It seems the Nittany Lions are truly staring down an unthinkable winless season. The offense is a mess. The defense may be even worse. The players are checked out and the coaches are repeating the same clichés over and over again.
This is the bad place.
1. Nothing has been fixed
Every single Penn State game this season has been the same script. Turn the ball over. Get behind early. Struggle to run the ball. Get lit up defensively. Making some minor tweaks at halftime. Make what appears to be a half-hearted attempt at a comeback, and ultimately fail in spectacular fashion.

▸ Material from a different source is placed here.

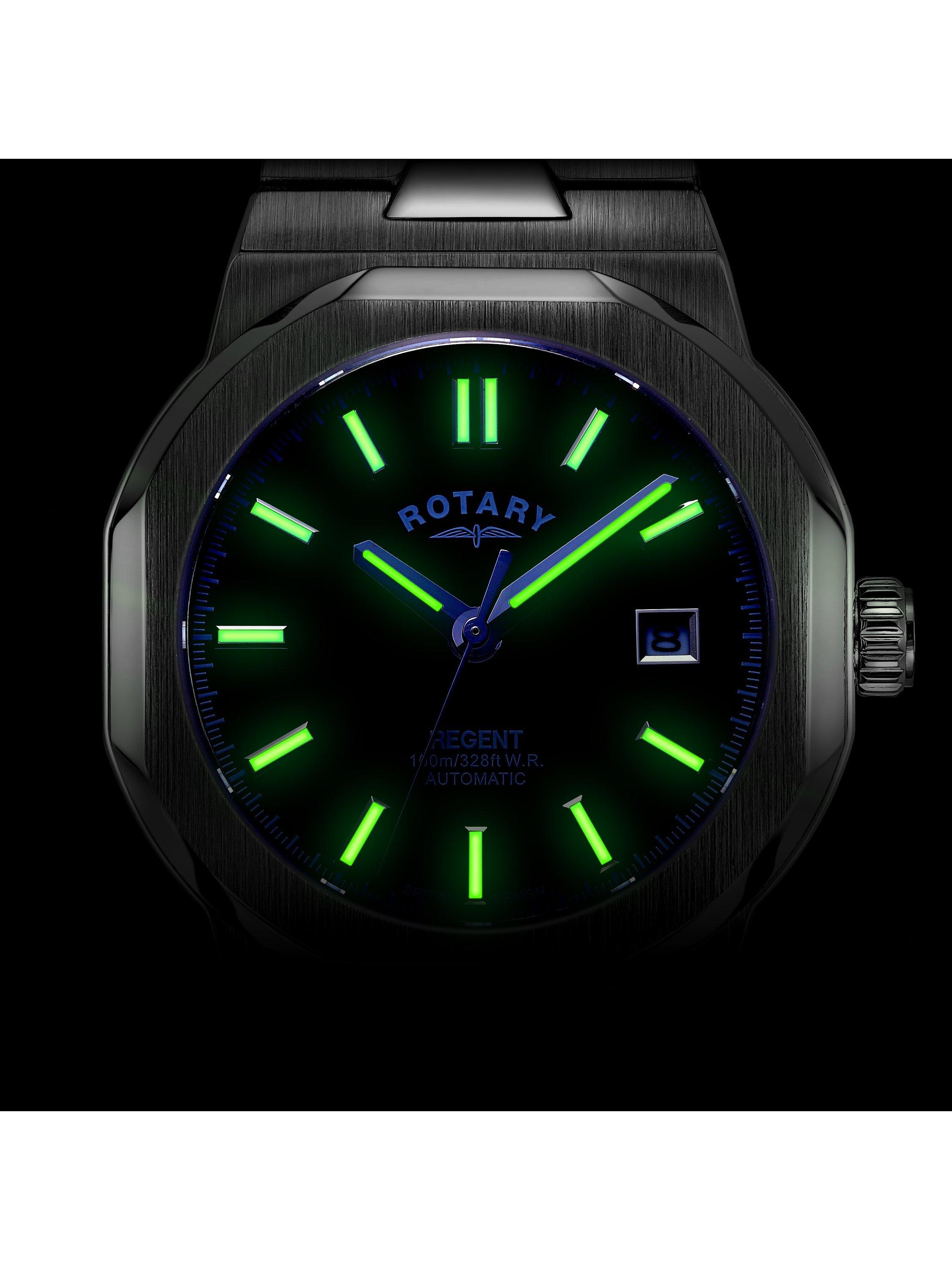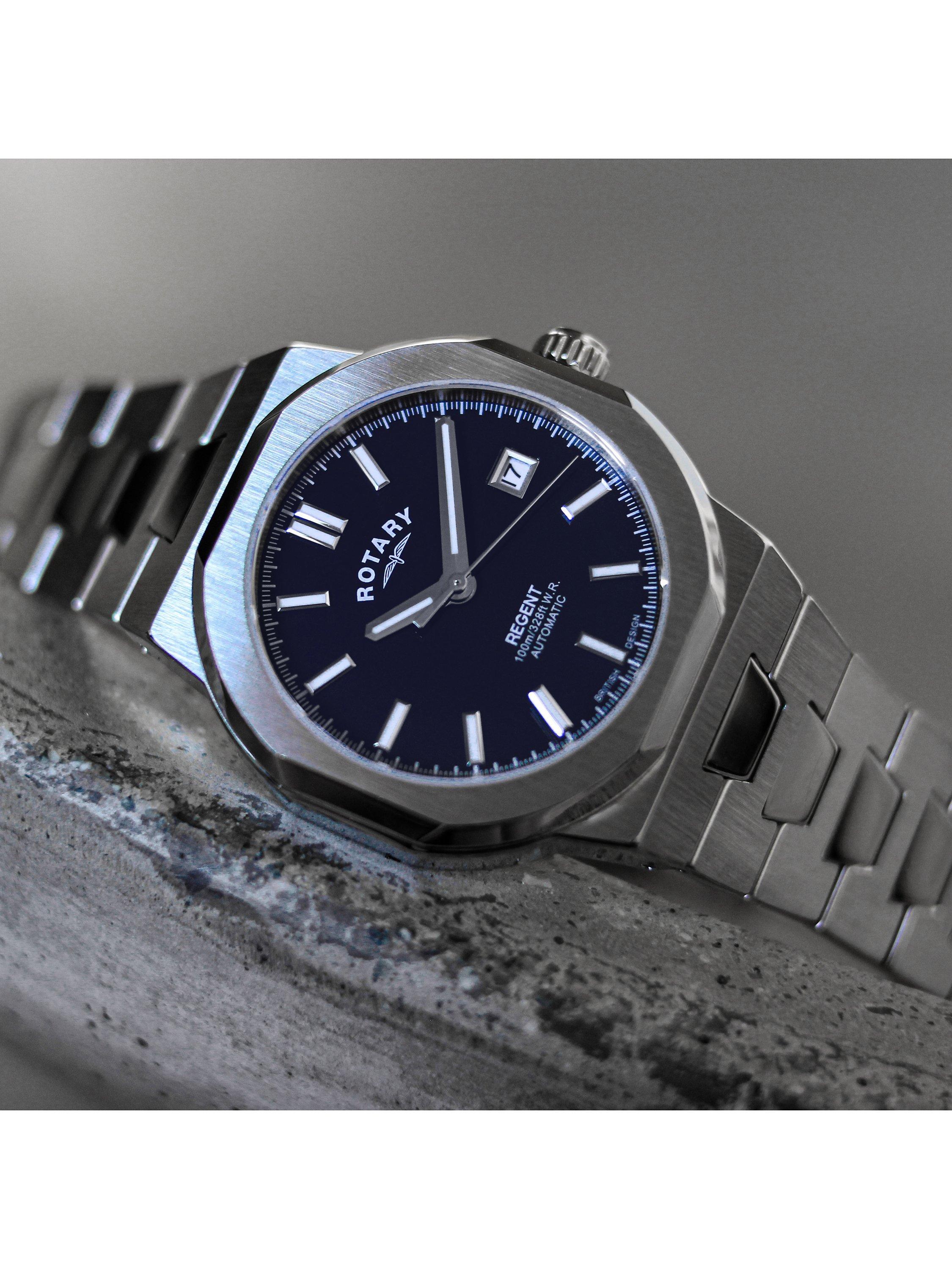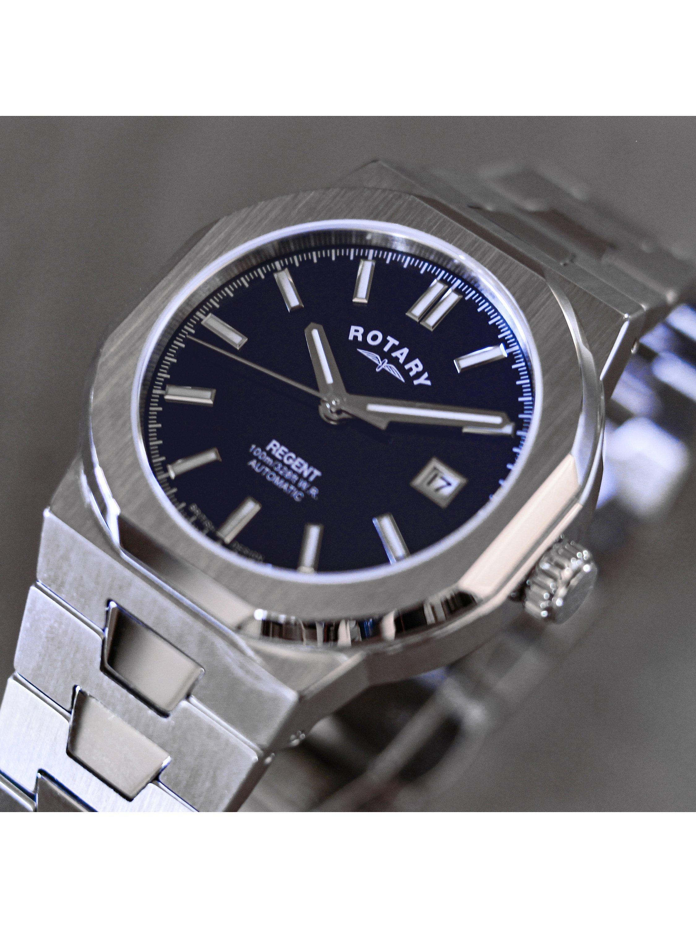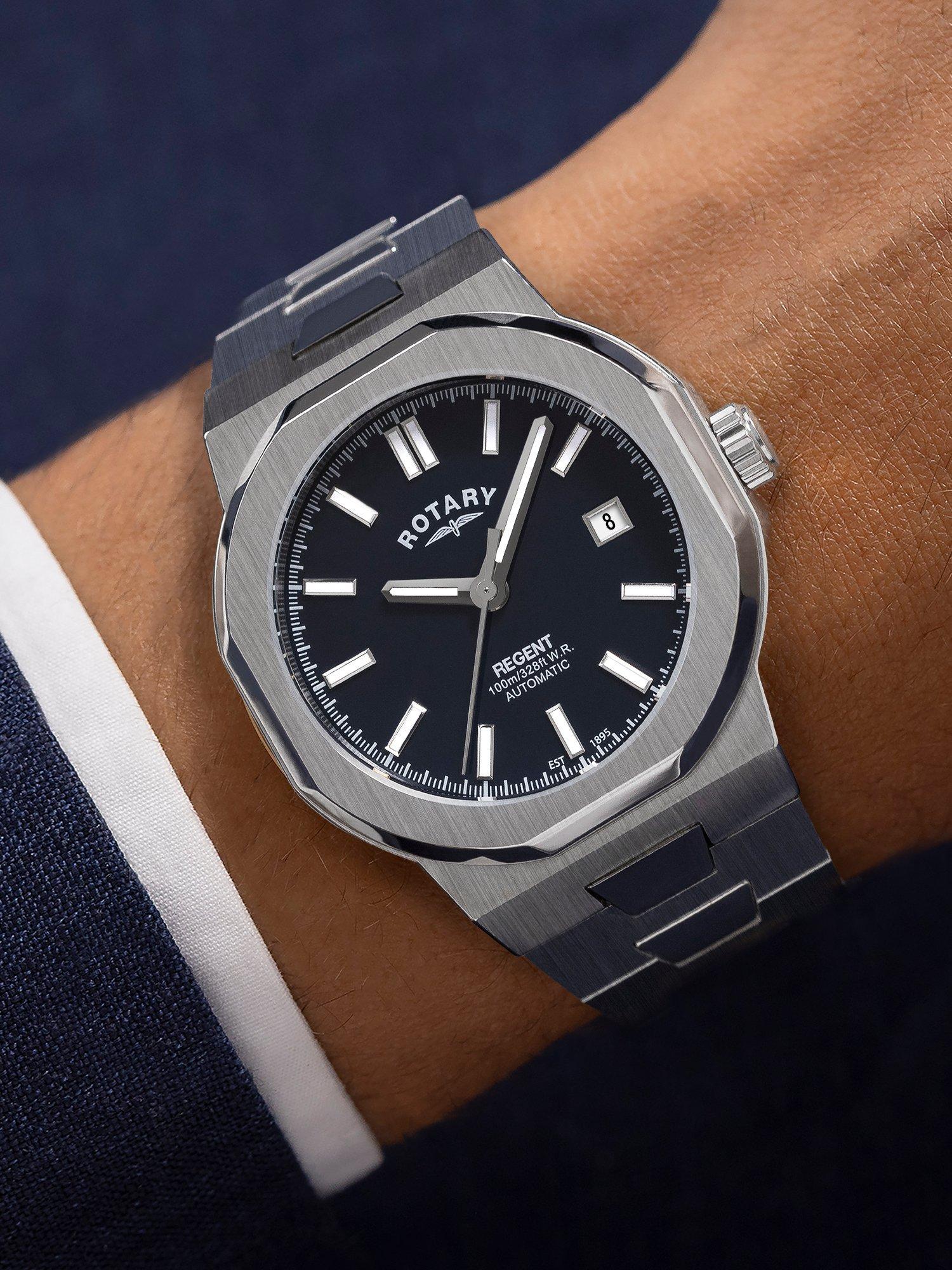 Regent is Rotary's premium sports collection that is optimised for precision and performance. This multi-faceted piece has a fine circular dial with an integrated tapered H-link bracelet. The watch is fitted a decorative open case back and faceted high-grade luminous index hour markers. Complete with a scratch-resistant and protective sapphire crystal glass.

Spare me the excuses. They’re useless. Every single team in the country is facing some form of the adversity that Penn State is facing and yet the Nittany Lions truly appear to be the worst Power Five team in the nation. It’s disgraceful.
Nobody around the program seems to care at all and it looks as if they all just want the season to end. Just an utter embarrassment. Meanwhile, players are celebrating “big” plays while down 24 points in the third quarter.
Somehow, the program has developed a huge loser’s mentality seemingly overnight, and that’s not something that gets fixed easily.
2. The solutions aren’t simple
If you’d told me before the season that Penn State would lose Journey Brown, Micah Parsons and now Pat Freiermuth due to various reasons and then would play uninspired football on the way to a losing record, I would’ve shrugged.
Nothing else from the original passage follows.